> [Exercise description]
From the entries below, return exactly the lines beginning at the one that contains "In 6 Stationen" and ending at the one that contains "ムサシのセンサーライトは、1", both of them included, and only those lines.

• • • • • • •

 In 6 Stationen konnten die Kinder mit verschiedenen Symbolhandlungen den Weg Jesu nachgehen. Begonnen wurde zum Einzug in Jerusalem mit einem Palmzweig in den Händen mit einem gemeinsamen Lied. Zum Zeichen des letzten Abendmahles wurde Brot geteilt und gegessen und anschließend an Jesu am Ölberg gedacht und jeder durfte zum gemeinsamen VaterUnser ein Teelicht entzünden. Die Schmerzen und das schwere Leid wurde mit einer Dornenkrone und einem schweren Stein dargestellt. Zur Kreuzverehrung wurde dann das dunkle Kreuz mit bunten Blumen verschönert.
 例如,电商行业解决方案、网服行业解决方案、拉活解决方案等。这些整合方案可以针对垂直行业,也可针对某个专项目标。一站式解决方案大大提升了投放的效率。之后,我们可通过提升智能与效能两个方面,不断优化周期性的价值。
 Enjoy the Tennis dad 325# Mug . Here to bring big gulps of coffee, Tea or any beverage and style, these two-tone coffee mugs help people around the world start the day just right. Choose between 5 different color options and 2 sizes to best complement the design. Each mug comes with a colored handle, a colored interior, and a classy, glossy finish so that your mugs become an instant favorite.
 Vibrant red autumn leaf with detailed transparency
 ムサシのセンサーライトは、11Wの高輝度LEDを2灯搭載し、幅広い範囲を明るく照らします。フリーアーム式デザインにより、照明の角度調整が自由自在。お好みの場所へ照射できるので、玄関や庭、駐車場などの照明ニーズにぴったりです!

• • • • • • •

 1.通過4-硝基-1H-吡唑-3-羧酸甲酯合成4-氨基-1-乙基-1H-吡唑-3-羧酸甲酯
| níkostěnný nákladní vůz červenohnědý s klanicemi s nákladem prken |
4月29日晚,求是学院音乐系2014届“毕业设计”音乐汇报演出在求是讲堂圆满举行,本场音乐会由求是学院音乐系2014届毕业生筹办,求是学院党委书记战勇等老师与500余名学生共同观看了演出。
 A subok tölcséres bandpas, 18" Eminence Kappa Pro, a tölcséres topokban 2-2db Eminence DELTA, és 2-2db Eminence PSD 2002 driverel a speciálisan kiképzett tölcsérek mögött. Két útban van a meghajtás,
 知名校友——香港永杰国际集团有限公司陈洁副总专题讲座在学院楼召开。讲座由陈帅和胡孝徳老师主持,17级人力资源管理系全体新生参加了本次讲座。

• • • • • • •

> [Written solution]
 In 6 Stationen konnten die Kinder mit verschiedenen Symbolhandlungen den Weg Jesu nachgehen. Begonnen wurde zum Einzug in Jerusalem mit einem Palmzweig in den Händen mit einem gemeinsamen Lied. Zum Zeichen des letzten Abendmahles wurde Brot geteilt und gegessen und anschließend an Jesu am Ölberg gedacht und jeder durfte zum gemeinsamen VaterUnser ein Teelicht entzünden. Die Schmerzen und das schwere Leid wurde mit einer Dornenkrone und einem schweren Stein dargestellt. Zur Kreuzverehrung wurde dann das dunkle Kreuz mit bunten Blumen verschönert.
 例如,电商行业解决方案、网服行业解决方案、拉活解决方案等。这些整合方案可以针对垂直行业,也可针对某个专项目标。一站式解决方案大大提升了投放的效率。之后,我们可通过提升智能与效能两个方面,不断优化周期性的价值。
 Enjoy the Tennis dad 325# Mug . Here to bring big gulps of coffee, Tea or any beverage and style, these two-tone coffee mugs help people around the world start the day just right. Choose between 5 different color options and 2 sizes to best complement the design. Each mug comes with a colored handle, a colored interior, and a classy, glossy finish so that your mugs become an instant favorite.
 Vibrant red autumn leaf with detailed transparency
 ムサシのセンサーライトは、11Wの高輝度LEDを2灯搭載し、幅広い範囲を明るく照らします。フリーアーム式デザインにより、照明の角度調整が自由自在。お好みの場所へ照射できるので、玄関や庭、駐車場などの照明ニーズにぴったりです!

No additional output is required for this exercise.